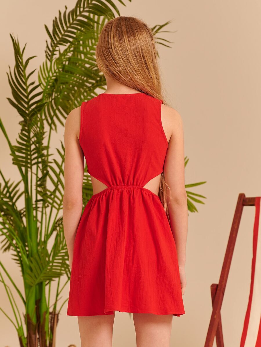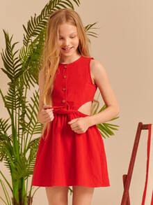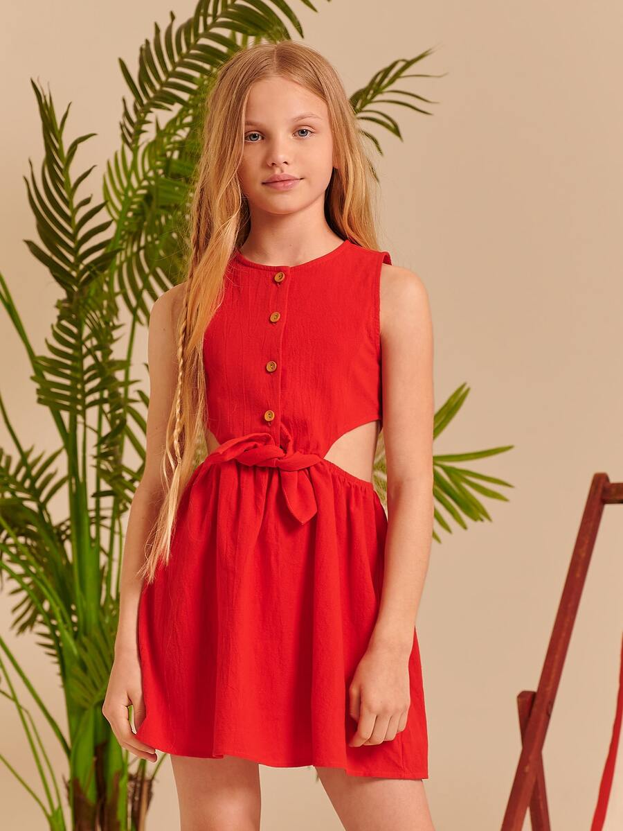 فستان بربطة امامي وبخصر مقصوص للبنات
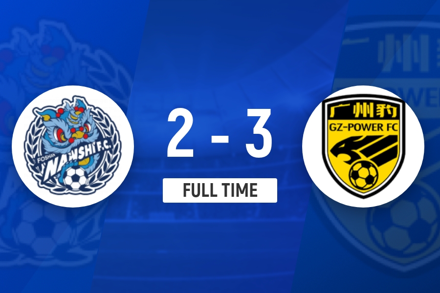 第90+5分钟,广州豹右路起高球传中,夏达龙禁区中路高高跃起头球完成绝杀,广东广州豹3-2佛山南狮。↓
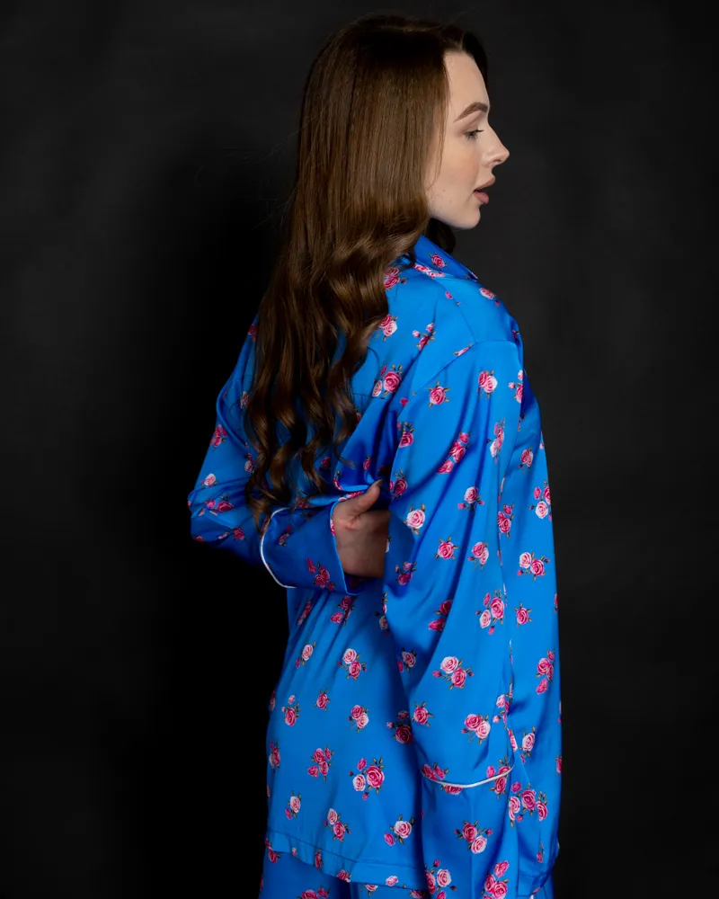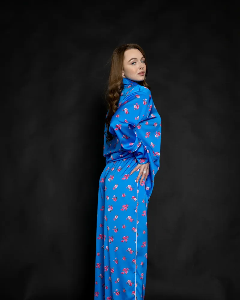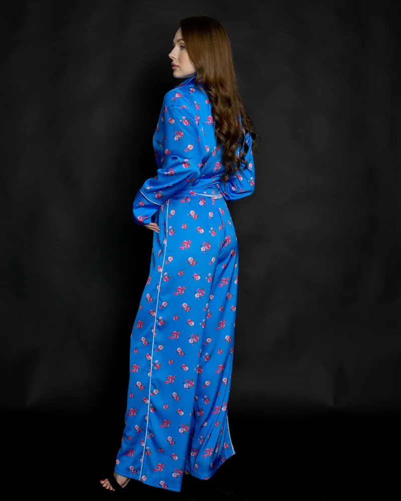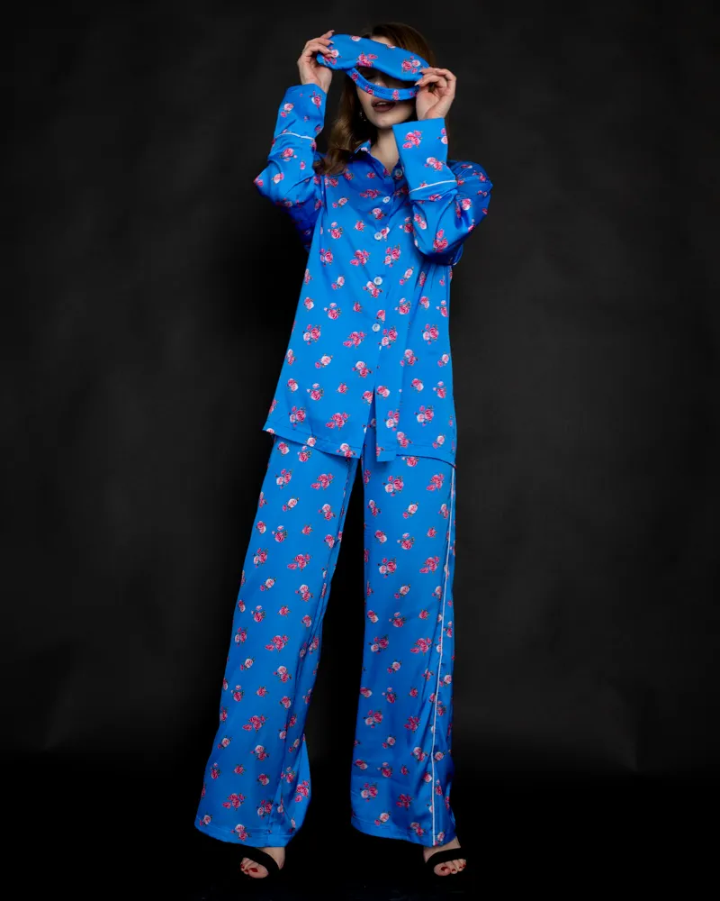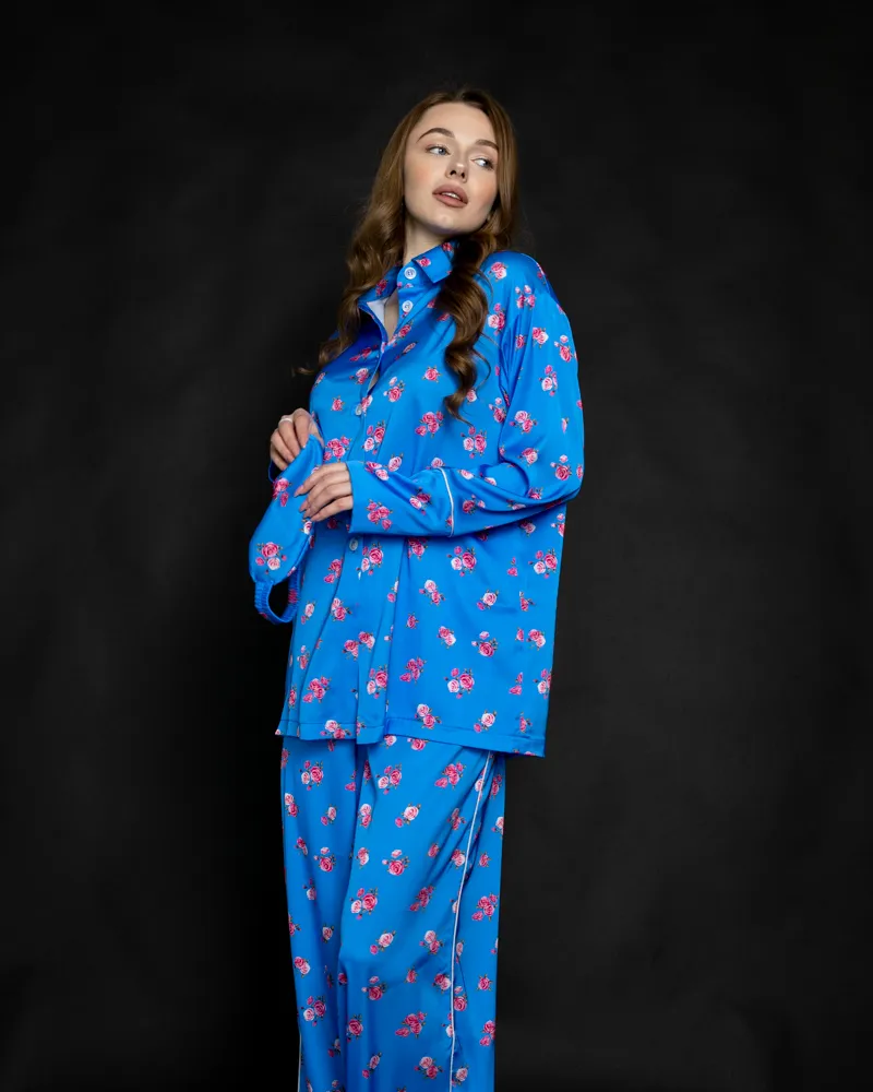 Піжама шовк Армані Італія преміум-класу Flowers Синій
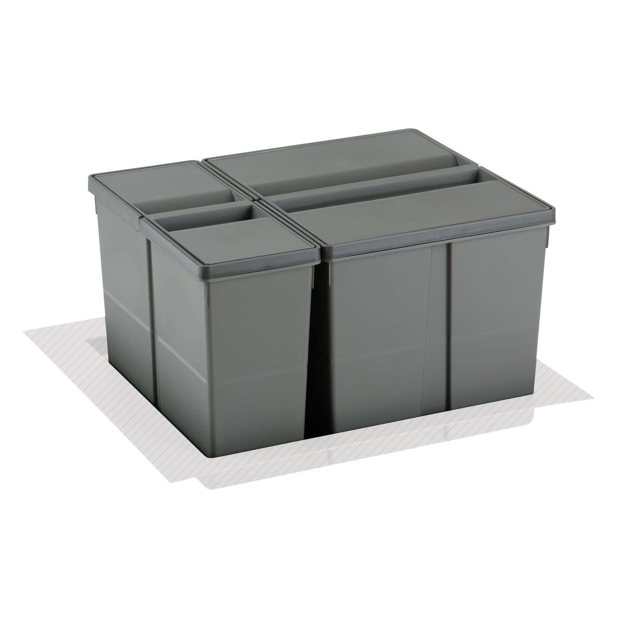 Nádoby odpadkových košů s víky pro vložení do spodních kuchyňských zásuvek.
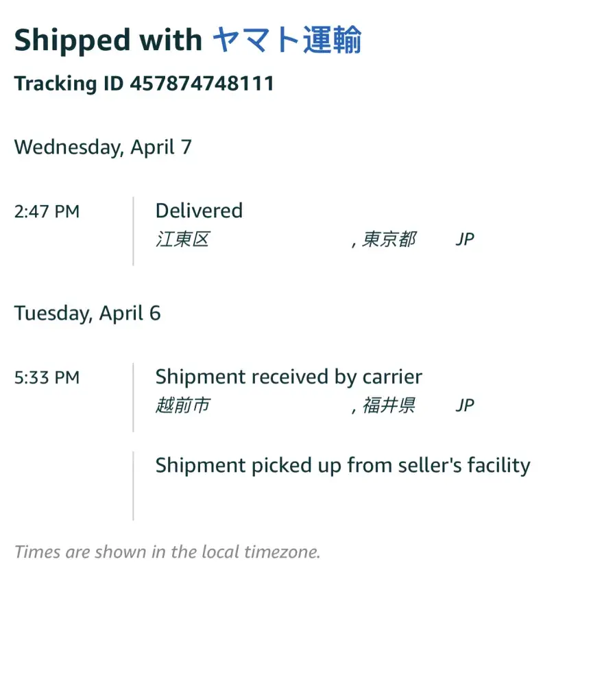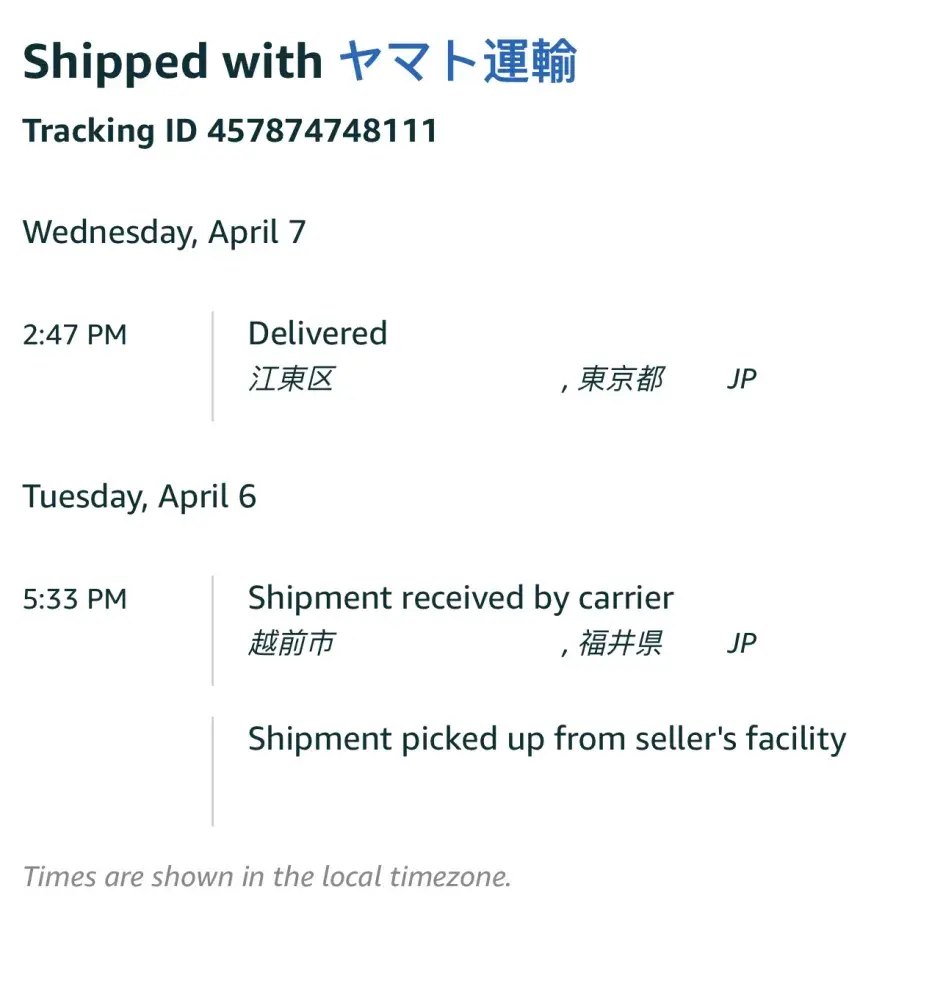 Tracking ID 457874748111 as reference, I have two watches from Amazon that has been delivered on 7th April 2021 to my address in Japan l Azhar Din AIC X FRONTIER WEST 5F, 3-2-9, SHINSUNA Tokyo Japan KWI 1033275, but until today this shipment still not updated in the system. Please do the needful and communicate to me as well.tq
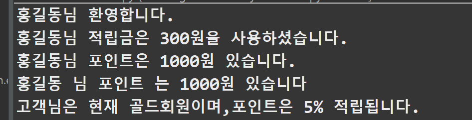 print("고객님은 현재 골드회원이며,"+msg+"은 "+str(point)+"% 적립됩니다.")
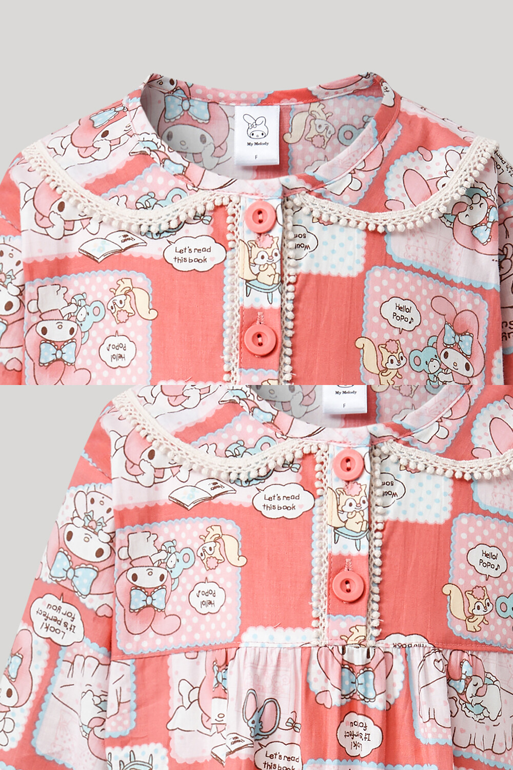 산리오 마이멜로디 토크마멜 여아동 긴팔상하 투피스 핑크
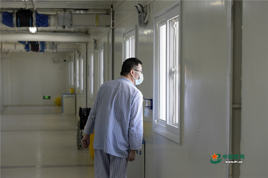 萬先生從窗口望向窗外,在病房,他期待自己早日康復(fù)出院。中國軍網(wǎng)記者范顯海 攝
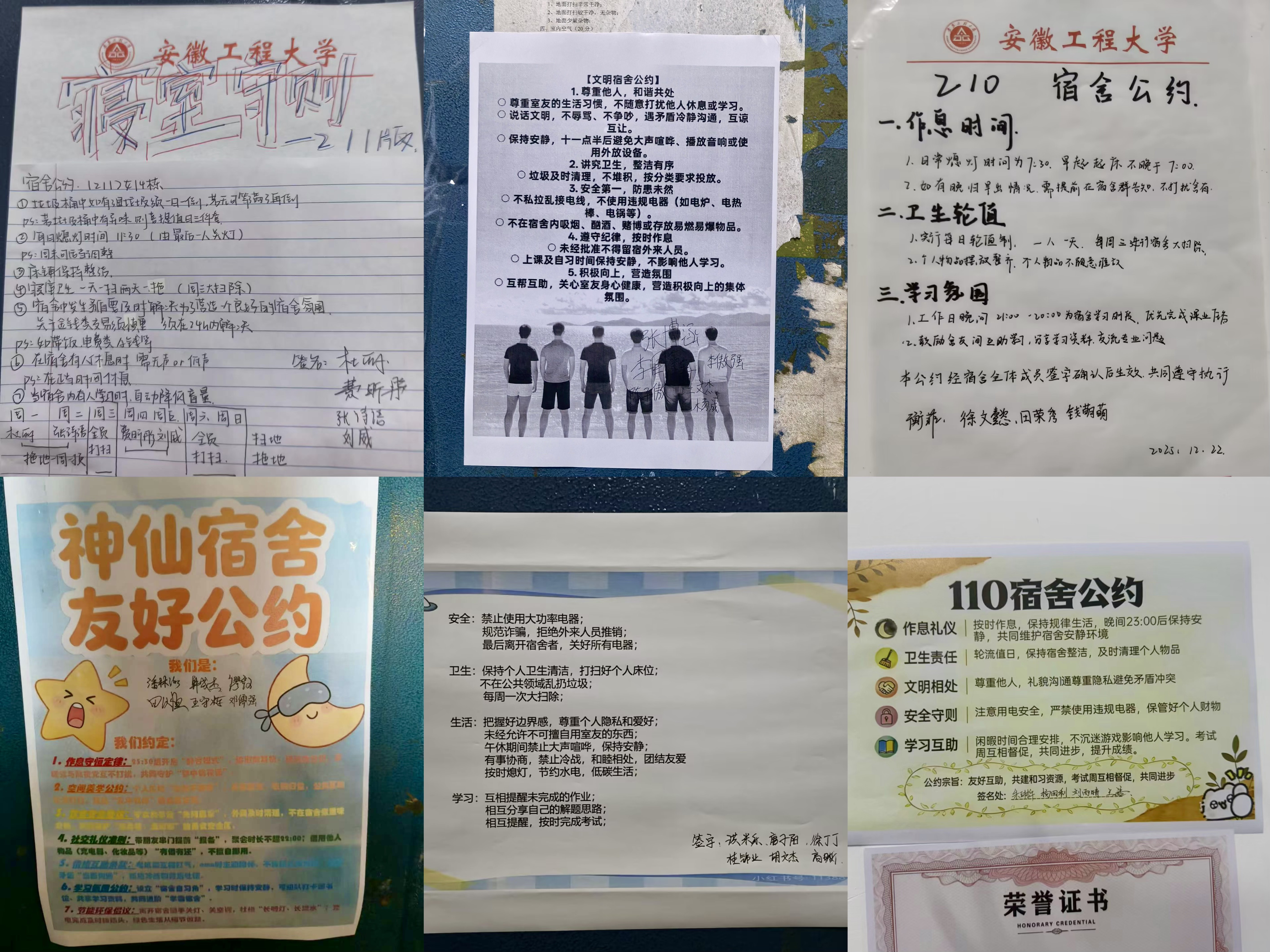 活动以宿舍为单位,组织学生结合学习生活实际,共同制定或修订宿舍文明公约。公约内容在涵盖作息时间、卫生轮值与学习氛围等基础模块的同时,积极融入九十周年校庆元素及宿舍安全、消防安全、防诈骗等专题内容,充分激发了学生的创造力与主体意识。各宿舍通过手绘海报、艺术排版、集体签名设计等创意化形式,将公约转化为兼具规范性、审美性与宿舍特色的“室内文化标识”。所有学生宿舍均已完成全员签字确认,并将公约张贴于宿舍公共区域,成为大家共同遵守的集体承诺。
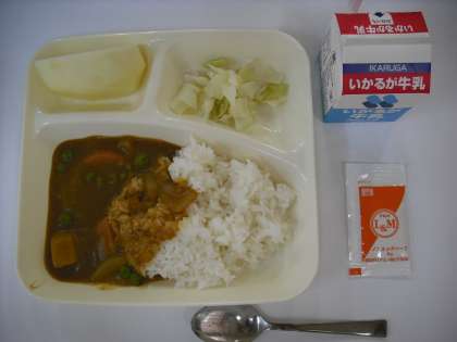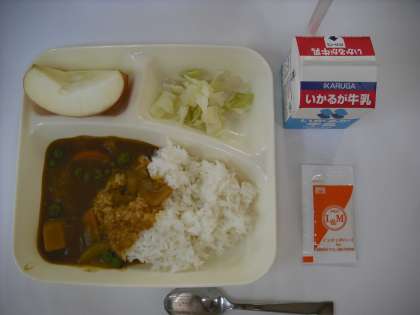 「ポークカレーライス(米粉のカレールウ)、キャベツのサラダ(ノンエッグドレッシング)、りんご、牛乳」
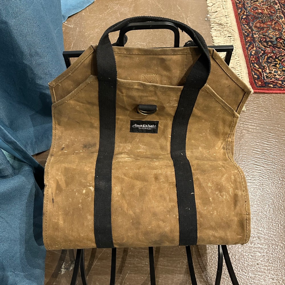 Home / Fireplace / Canvas Firewood Bag with Metal Firewood Holder
::::
WHAT THE TASK ASKS: Transcribe every line of the listing above exactly; skip the pictures.

SOLVED PROBLEM:
 فستان بربطة امامي وبخصر مقصوص للبنات
 第90+5分钟,广州豹右路起高球传中,夏达龙禁区中路高高跃起头球完成绝杀,广东广州豹3-2佛山南狮。↓
 Піжама шовк Армані Італія преміум-класу Flowers Синій
 Nádoby odpadkových košů s víky pro vložení do spodních kuchyňských zásuvek.
 Tracking ID 457874748111 as reference, I have two watches from Amazon that has been delivered on 7th April 2021 to my address in Japan l Azhar Din AIC X FRONTIER WEST 5F, 3-2-9, SHINSUNA Tokyo Japan KWI 1033275, but until today this shipment still not updated in the system. Please do the needful and communicate to me as well.tq
 print("고객님은 현재 골드회원이며,"+msg+"은 "+str(point)+"% 적립됩니다.")
 산리오 마이멜로디 토크마멜 여아동 긴팔상하 투피스 핑크
 萬先生從窗口望向窗外,在病房,他期待自己早日康復(fù)出院。中國軍網(wǎng)記者范顯海 攝
 活动以宿舍为单位,组织学生结合学习生活实际,共同制定或修订宿舍文明公约。公约内容在涵盖作息时间、卫生轮值与学习氛围等基础模块的同时,积极融入九十周年校庆元素及宿舍安全、消防安全、防诈骗等专题内容,充分激发了学生的创造力与主体意识。各宿舍通过手绘海报、艺术排版、集体签名设计等创意化形式,将公约转化为兼具规范性、审美性与宿舍特色的“室内文化标识”。所有学生宿舍均已完成全员签字确认,并将公约张贴于宿舍公共区域,成为大家共同遵守的集体承诺。
 「ポークカレーライス(米粉のカレールウ)、キャベツのサラダ(ノンエッグドレッシング)、りんご、牛乳」
 Home / Fireplace / Canvas Firewood Bag with Metal Firewood Holder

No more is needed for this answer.